GAITHERSBURG, Md., Dec. 5 /PRNewswire/ -- Panacea Pharmaceuticals, Inc. announced today the selection of PAN-622 -- a fully human sequence monoclonal antibody against HAAH -- as its lead cancer therapeutic product. Developed in collaboration with the Massachusetts Institute of Technology, PAN-622 has demonstrated high affinity and excellent efficacy in animal models of cancer. Having a fully human sequence, PAN-622 is anticipated to have significantly fewer adverse effects compared to chimeric or humanized monoclonal antibodies. Initial human clinical trials with PAN-622 are anticipated to begin in early 2009.

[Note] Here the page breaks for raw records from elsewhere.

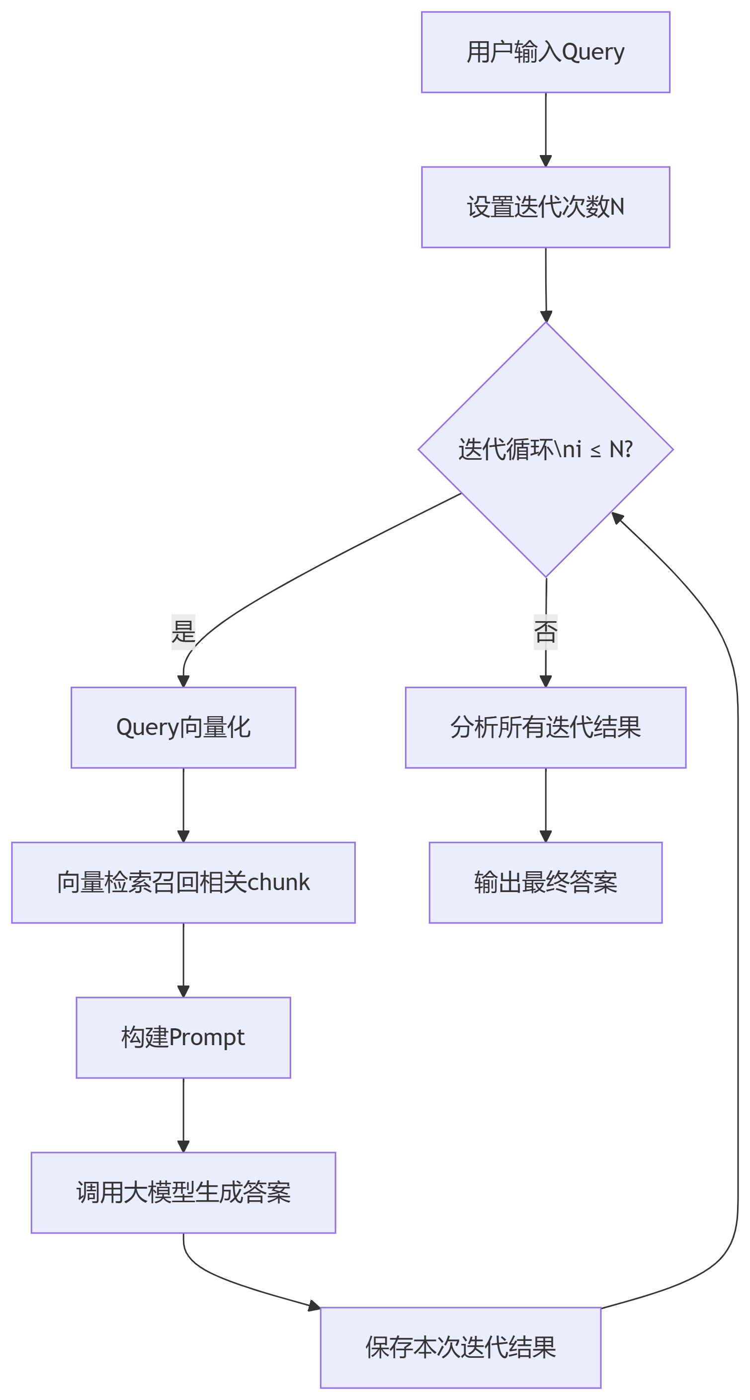 迭代式检索增强 突破传统单次检索的局限,采用多轮迭代的方式逐步优化检索结果。每一轮迭代都会基于前一轮的结果进行深度分析和改进,从而不断提升最终答案的质量。
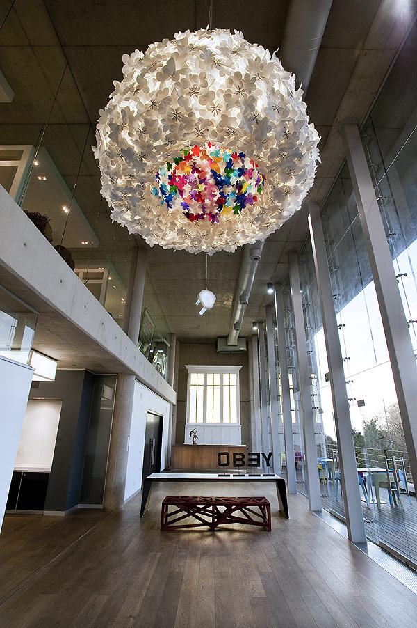 Those who work here can enjoy the finely carved Linen Fold sideboard by Koop Design and Angus Taylor’s huge Homage to Hermes lying in the garden. If you visit, you will stumble upon an upside-down angel by Beezy Bailey. Look up in the right placeand you will be amazed by a light called My Secret Place by Heath Nash.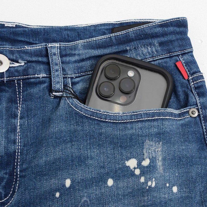 ストレッチ素材を使用し、快適な穿き心地を実現したデニムパンツ。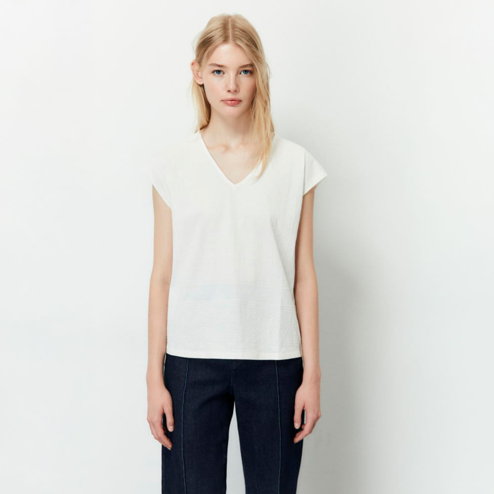 Polo Encaje Geométrico Sfera Mujer Crudo

Human Aspartyl (Asparaginyl) Beta-Hydroxylase (HAAH) is an enzyme that modulates signaling factors such as Notch, and is over-expressed in malignant cells. HAAH is present specifically on the cancer cell surface and on the infiltrating edge of tumors; surface expression of HAAH also makes it accessible to drugs or antibodies that are not capable of crossing cellular membranes. Alterations in cellular function due to its overexpression and translocalization are consistent with the cancer phenotype, and include increased cellular proliferation, motility and invasiveness. When HAAH expression is silenced in cancer cells or its enzymatic activity is neutralized on the cell surface, the cancer cells revert to a normal phenotype. HAAH overexpression and its surface expression has been detected in more than 20 different cancer types and in >99% of all tumor samples tested to date (n > 1000). HAAH is not present in significant amounts in adjacent non- transformed tissue as well as normal tissue (n > 500). Therapeutics directed against HAAH, particularly monoclonal antibodies, are likely to be effective in treating a broad range of cancers with minimal adverse effects.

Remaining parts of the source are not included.